→ How to complete this task
Return the first line of the listing below and all the lines after it through the one containing "Ce modèle de", exactly, without pictures.

→ Exercise data
..............................
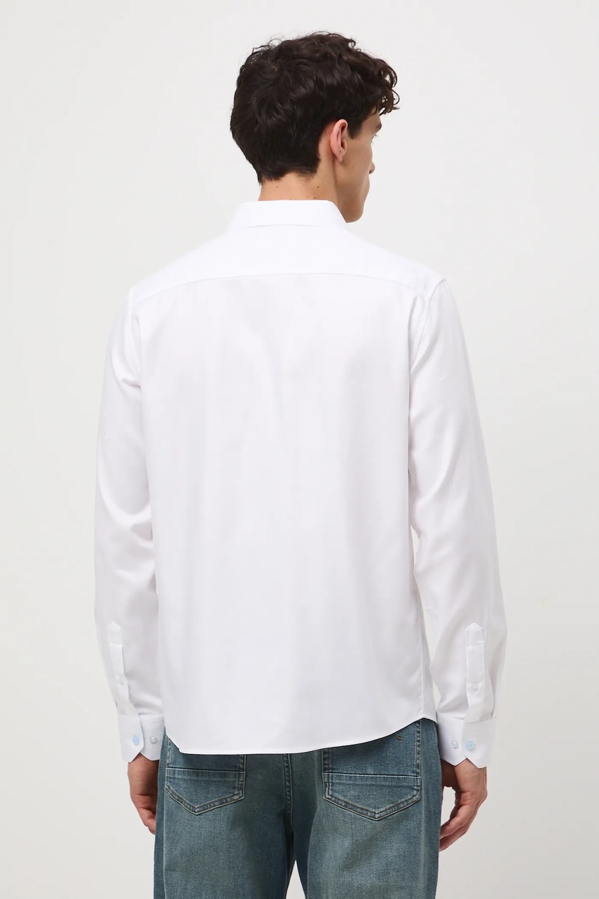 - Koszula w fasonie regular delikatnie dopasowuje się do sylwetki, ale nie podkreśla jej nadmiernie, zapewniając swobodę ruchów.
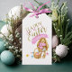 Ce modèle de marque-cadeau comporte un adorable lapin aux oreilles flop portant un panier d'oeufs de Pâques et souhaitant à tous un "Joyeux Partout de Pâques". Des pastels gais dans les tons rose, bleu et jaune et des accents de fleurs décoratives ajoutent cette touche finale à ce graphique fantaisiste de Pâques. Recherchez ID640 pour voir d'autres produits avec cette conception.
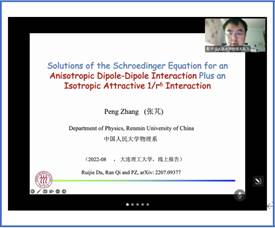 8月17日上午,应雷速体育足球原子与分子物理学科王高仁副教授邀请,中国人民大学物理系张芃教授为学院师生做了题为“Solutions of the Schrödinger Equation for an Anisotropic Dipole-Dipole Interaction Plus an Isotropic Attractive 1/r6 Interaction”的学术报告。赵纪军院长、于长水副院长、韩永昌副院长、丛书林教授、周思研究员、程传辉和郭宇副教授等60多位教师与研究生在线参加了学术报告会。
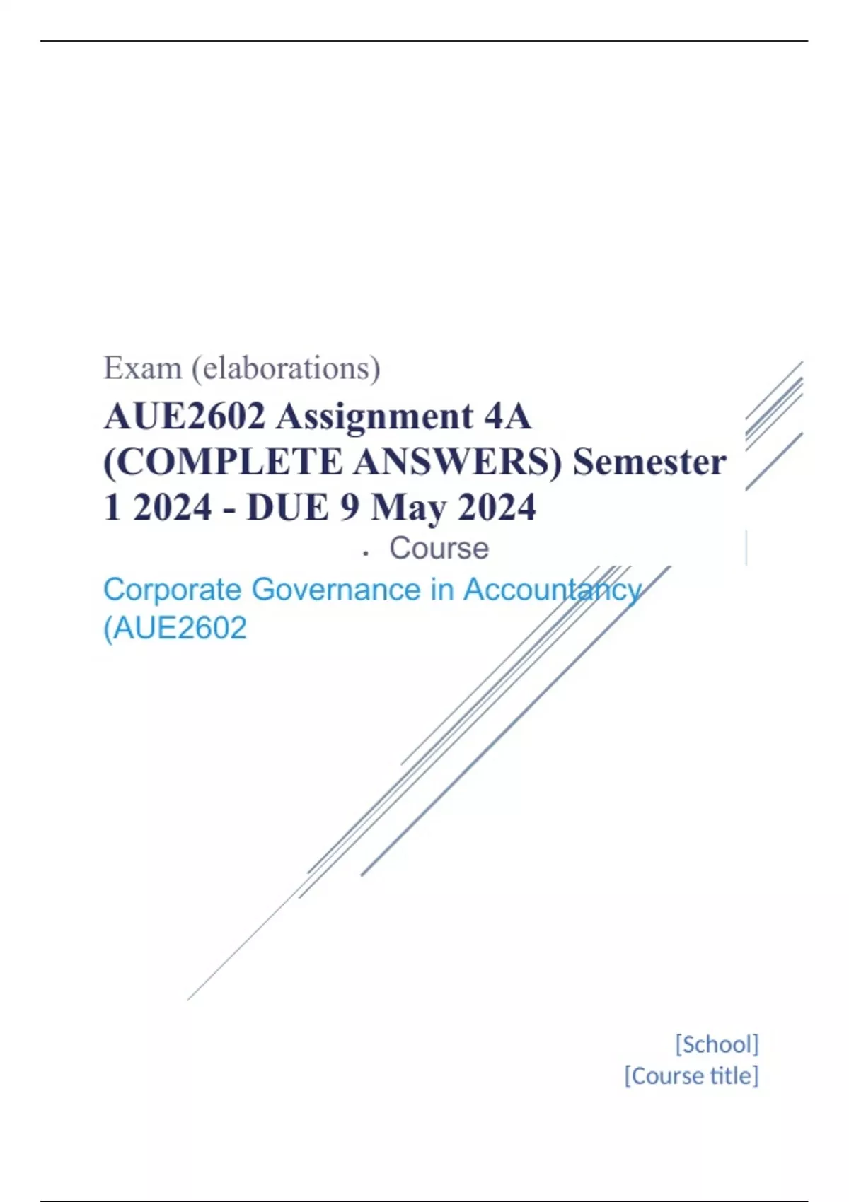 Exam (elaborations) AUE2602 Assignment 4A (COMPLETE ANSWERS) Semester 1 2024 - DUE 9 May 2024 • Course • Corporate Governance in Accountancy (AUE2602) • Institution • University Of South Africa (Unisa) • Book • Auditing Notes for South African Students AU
..............................
→ Exercise result
 - Koszula w fasonie regular delikatnie dopasowuje się do sylwetki, ale nie podkreśla jej nadmiernie, zapewniając swobodę ruchów.
 Ce modèle de marque-cadeau comporte un adorable lapin aux oreilles flop portant un panier d'oeufs de Pâques et souhaitant à tous un "Joyeux Partout de Pâques". Des pastels gais dans les tons rose, bleu et jaune et des accents de fleurs décoratives ajoutent cette touche finale à ce graphique fantaisiste de Pâques. Recherchez ID640 pour voir d'autres produits avec cette conception.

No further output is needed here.